* _ABOUT THIS EXERCISE_
Output nothing but the lines from the one holding "Praktiški ištraukiami apsauginiai" to the end of the listing. Reproduce them exactly, without the pictures.

╭─ PROVIDED INFORMATION

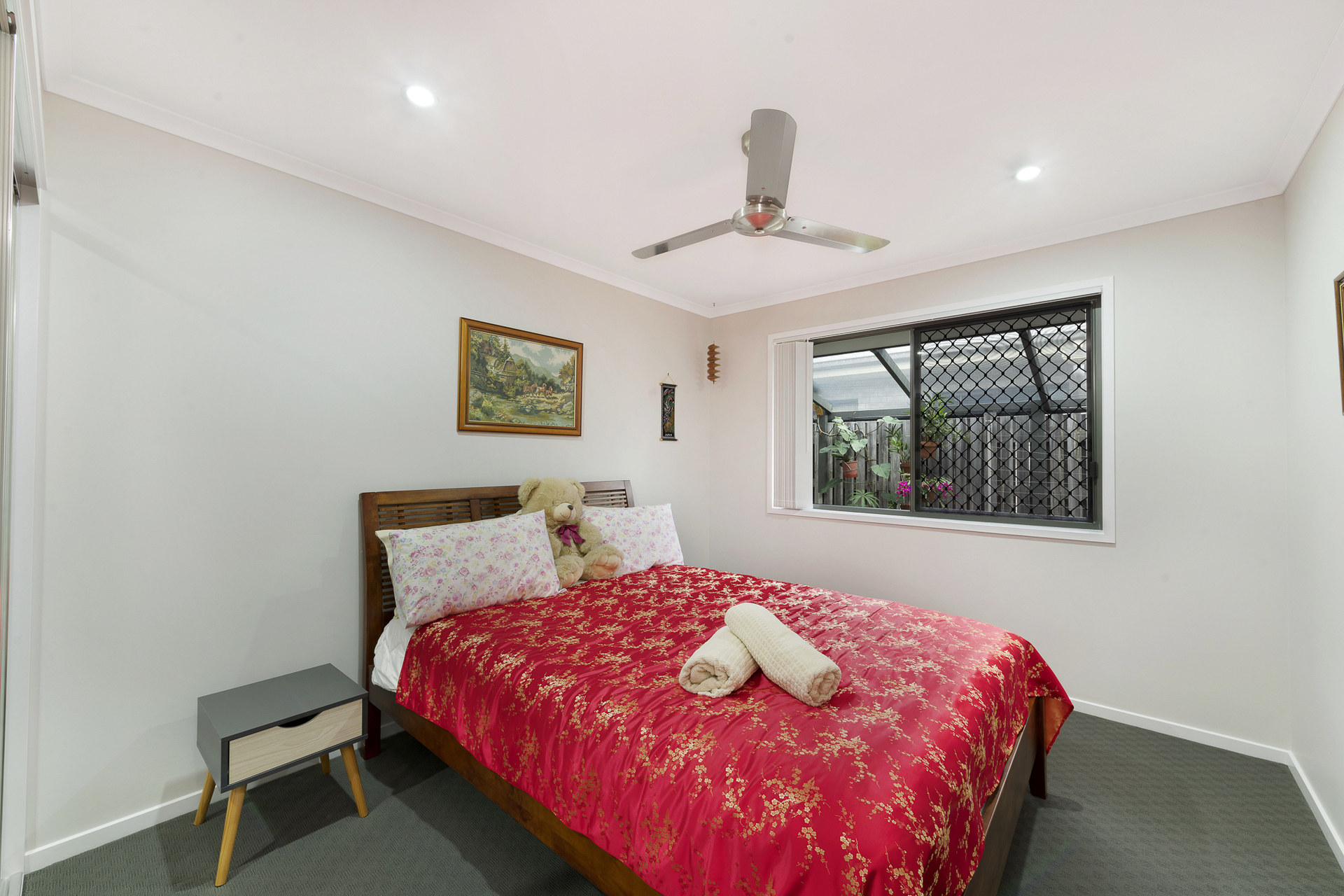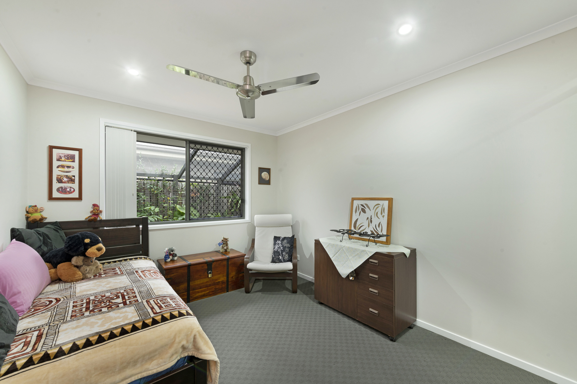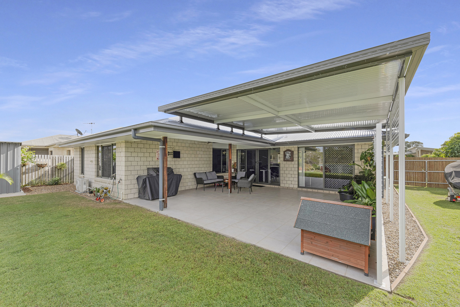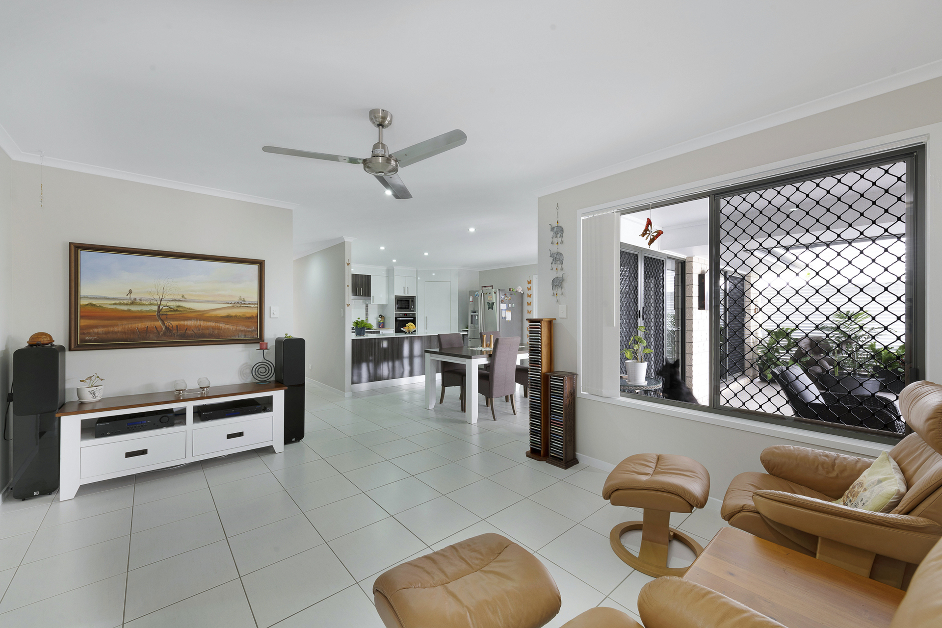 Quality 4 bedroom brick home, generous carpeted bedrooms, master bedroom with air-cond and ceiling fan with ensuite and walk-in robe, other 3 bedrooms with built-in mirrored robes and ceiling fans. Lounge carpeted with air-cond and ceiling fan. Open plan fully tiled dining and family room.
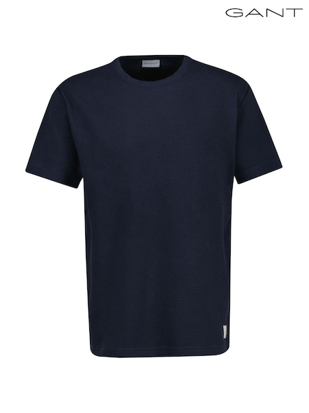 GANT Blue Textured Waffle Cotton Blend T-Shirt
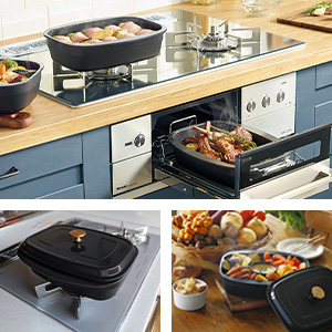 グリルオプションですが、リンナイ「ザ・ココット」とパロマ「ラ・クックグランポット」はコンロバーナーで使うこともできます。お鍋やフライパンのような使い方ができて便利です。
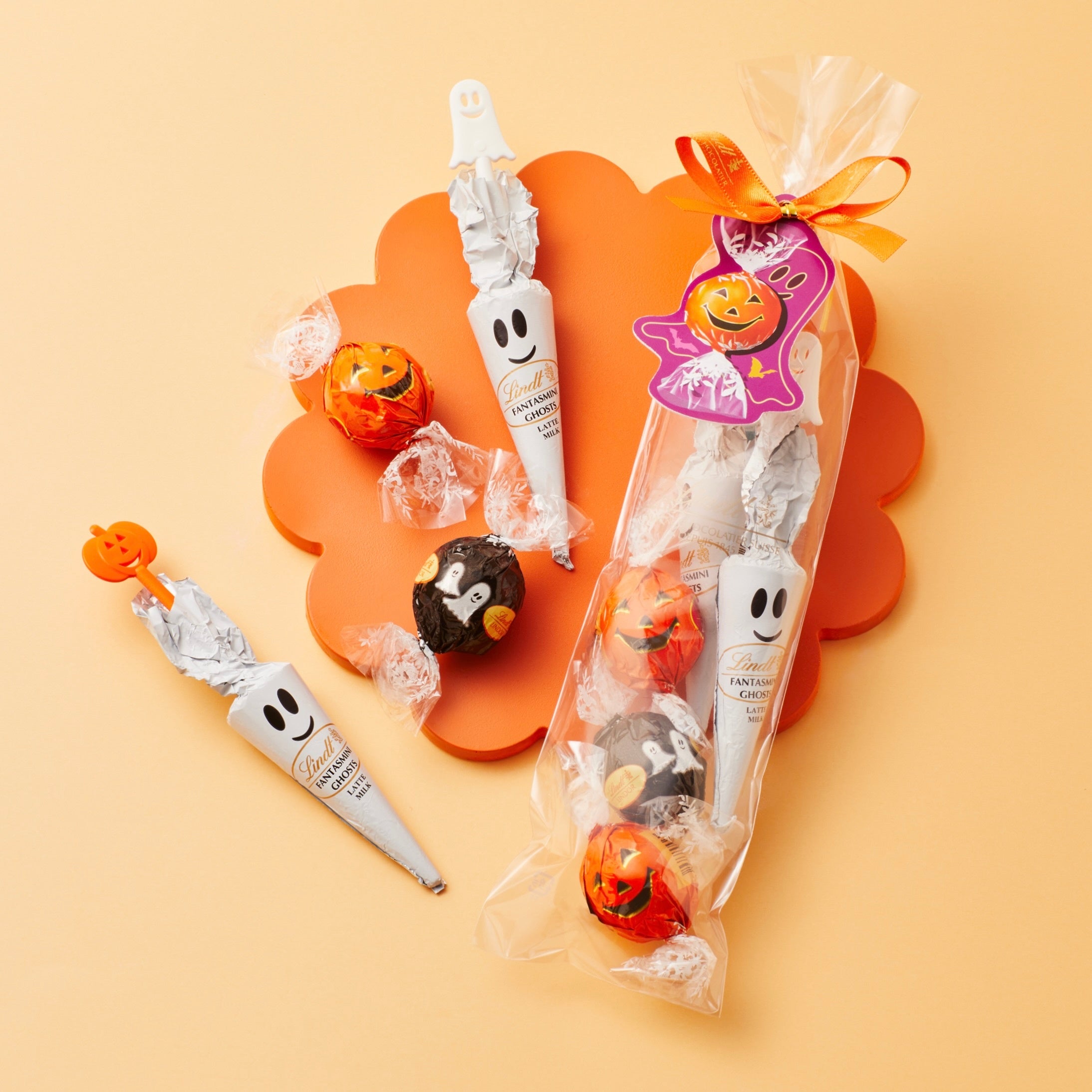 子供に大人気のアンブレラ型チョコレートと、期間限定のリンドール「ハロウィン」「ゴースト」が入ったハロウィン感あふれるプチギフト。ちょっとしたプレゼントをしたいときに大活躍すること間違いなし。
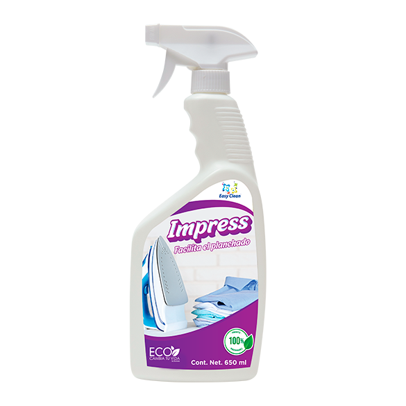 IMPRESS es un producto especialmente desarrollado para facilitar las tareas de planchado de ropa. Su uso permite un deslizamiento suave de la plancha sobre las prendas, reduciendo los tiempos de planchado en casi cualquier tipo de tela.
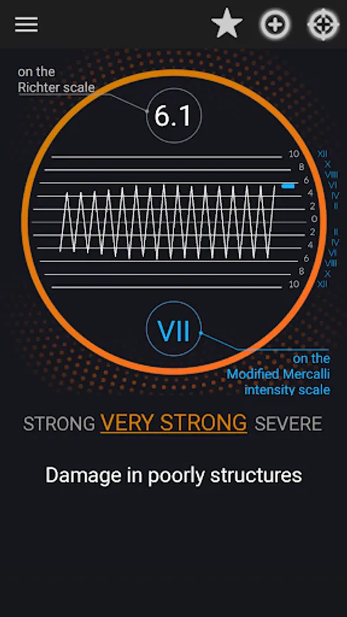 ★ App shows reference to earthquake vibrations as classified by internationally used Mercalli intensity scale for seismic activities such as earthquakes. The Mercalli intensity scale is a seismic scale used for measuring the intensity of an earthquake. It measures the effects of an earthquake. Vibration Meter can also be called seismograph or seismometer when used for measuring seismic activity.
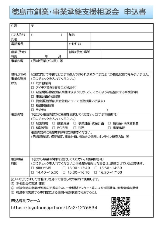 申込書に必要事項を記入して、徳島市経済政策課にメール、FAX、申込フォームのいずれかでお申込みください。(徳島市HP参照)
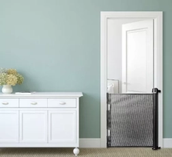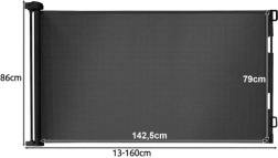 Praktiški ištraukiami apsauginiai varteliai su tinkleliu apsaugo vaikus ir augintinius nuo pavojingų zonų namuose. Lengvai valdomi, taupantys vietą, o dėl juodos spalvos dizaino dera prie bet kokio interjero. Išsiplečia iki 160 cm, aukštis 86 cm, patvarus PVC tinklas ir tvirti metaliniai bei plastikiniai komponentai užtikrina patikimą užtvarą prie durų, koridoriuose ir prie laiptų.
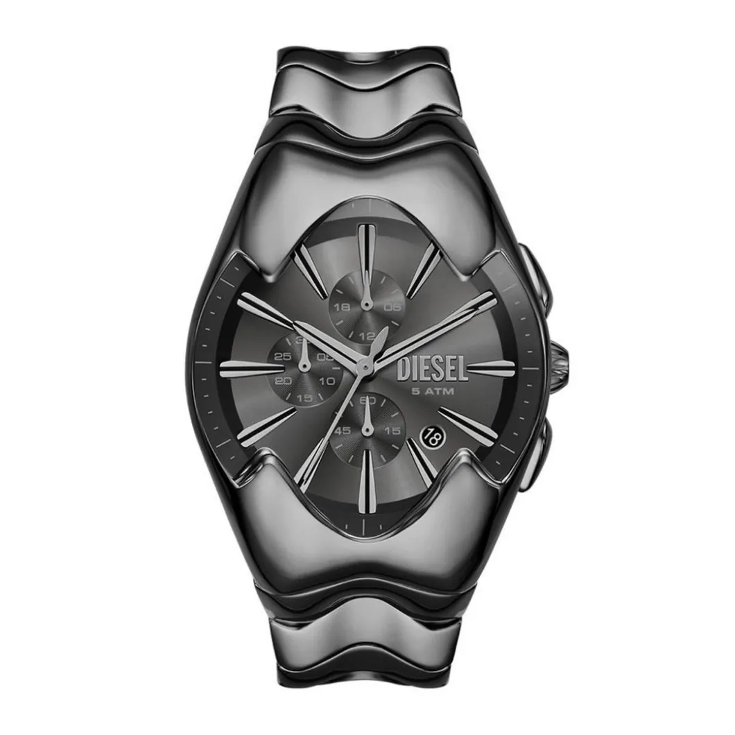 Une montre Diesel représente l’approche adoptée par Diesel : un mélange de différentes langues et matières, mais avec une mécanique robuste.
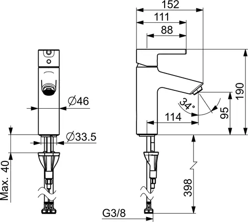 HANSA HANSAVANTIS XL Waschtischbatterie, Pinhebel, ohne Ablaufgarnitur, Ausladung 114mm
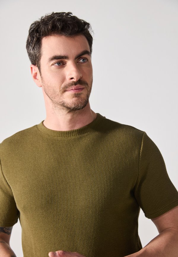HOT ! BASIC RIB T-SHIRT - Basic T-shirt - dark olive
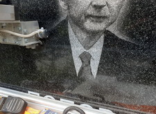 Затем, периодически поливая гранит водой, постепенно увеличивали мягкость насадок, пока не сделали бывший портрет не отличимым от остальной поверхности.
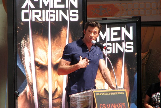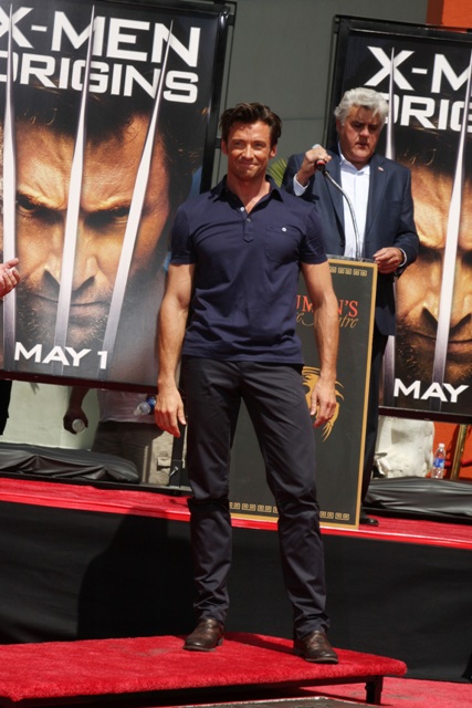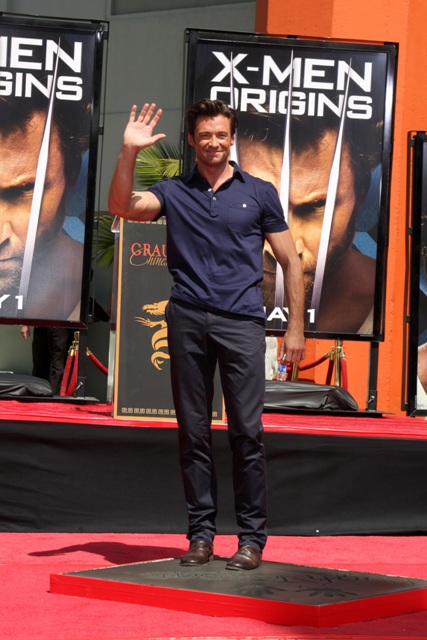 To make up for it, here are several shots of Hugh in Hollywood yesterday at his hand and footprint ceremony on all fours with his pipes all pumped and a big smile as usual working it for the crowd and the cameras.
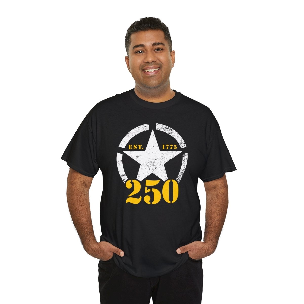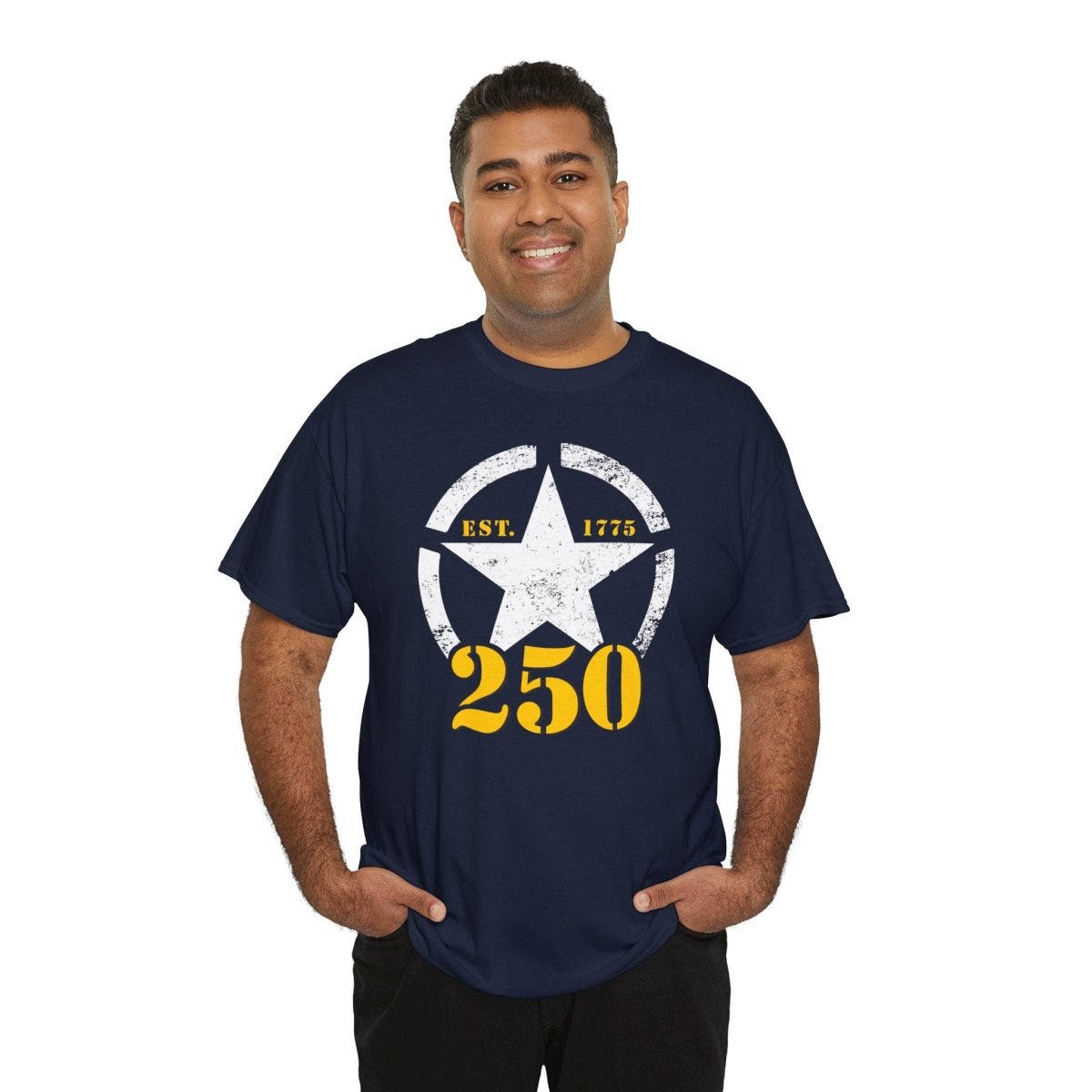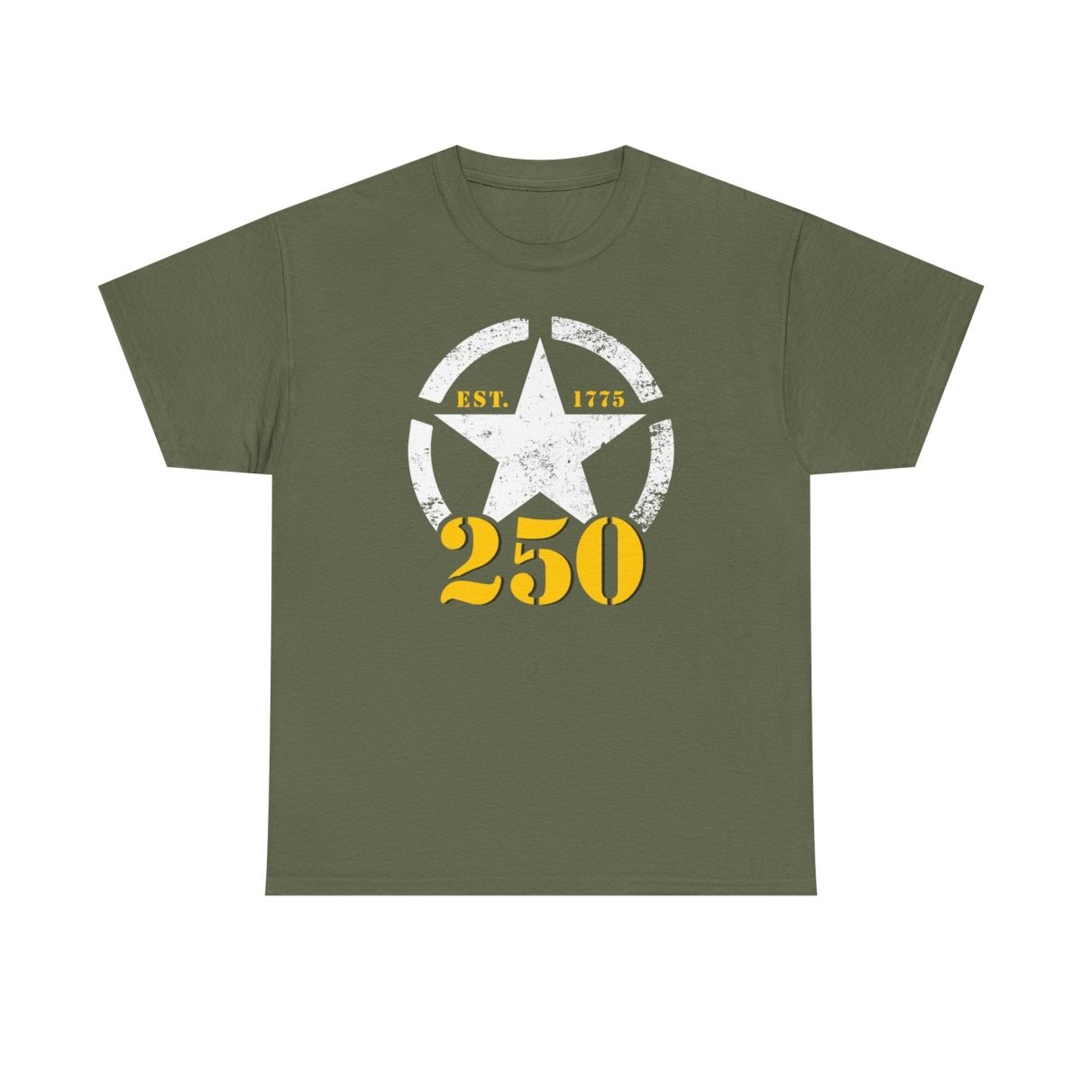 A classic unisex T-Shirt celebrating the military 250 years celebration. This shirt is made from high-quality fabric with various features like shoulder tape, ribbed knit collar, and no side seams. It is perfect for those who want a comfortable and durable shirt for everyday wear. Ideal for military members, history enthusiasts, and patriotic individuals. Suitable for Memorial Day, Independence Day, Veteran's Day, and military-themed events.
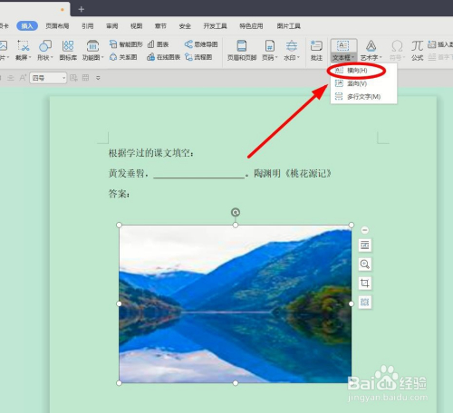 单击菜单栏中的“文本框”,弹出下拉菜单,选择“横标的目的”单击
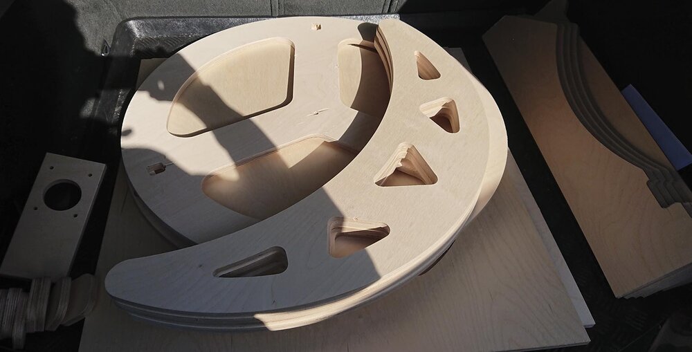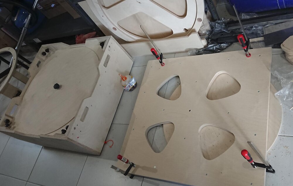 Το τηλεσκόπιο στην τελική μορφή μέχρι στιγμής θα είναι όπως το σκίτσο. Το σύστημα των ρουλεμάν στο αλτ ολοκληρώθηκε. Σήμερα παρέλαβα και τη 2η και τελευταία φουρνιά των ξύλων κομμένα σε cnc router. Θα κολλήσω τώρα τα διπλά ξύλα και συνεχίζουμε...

╰─

* _TASK RESULT_
 Praktiški ištraukiami apsauginiai varteliai su tinkleliu apsaugo vaikus ir augintinius nuo pavojingų zonų namuose. Lengvai valdomi, taupantys vietą, o dėl juodos spalvos dizaino dera prie bet kokio interjero. Išsiplečia iki 160 cm, aukštis 86 cm, patvarus PVC tinklas ir tvirti metaliniai bei plastikiniai komponentai užtikrina patikimą užtvarą prie durų, koridoriuose ir prie laiptų.
 Une montre Diesel représente l’approche adoptée par Diesel : un mélange de différentes langues et matières, mais avec une mécanique robuste.
 HANSA HANSAVANTIS XL Waschtischbatterie, Pinhebel, ohne Ablaufgarnitur, Ausladung 114mm
HOT ! BASIC RIB T-SHIRT - Basic T-shirt - dark olive
 Затем, периодически поливая гранит водой, постепенно увеличивали мягкость насадок, пока не сделали бывший портрет не отличимым от остальной поверхности.
 To make up for it, here are several shots of Hugh in Hollywood yesterday at his hand and footprint ceremony on all fours with his pipes all pumped and a big smile as usual working it for the crowd and the cameras.
 A classic unisex T-Shirt celebrating the military 250 years celebration. This shirt is made from high-quality fabric with various features like shoulder tape, ribbed knit collar, and no side seams. It is perfect for those who want a comfortable and durable shirt for everyday wear. Ideal for military members, history enthusiasts, and patriotic individuals. Suitable for Memorial Day, Independence Day, Veteran's Day, and military-themed events.
 单击菜单栏中的“文本框”,弹出下拉菜单,选择“横标的目的”单击
 Το τηλεσκόπιο στην τελική μορφή μέχρι στιγμής θα είναι όπως το σκίτσο. Το σύστημα των ρουλεμάν στο αλτ ολοκληρώθηκε. Σήμερα παρέλαβα και τη 2η και τελευταία φουρνιά των ξύλων κομμένα σε cnc router. Θα κολλήσω τώρα τα διπλά ξύλα και συνεχίζουμε...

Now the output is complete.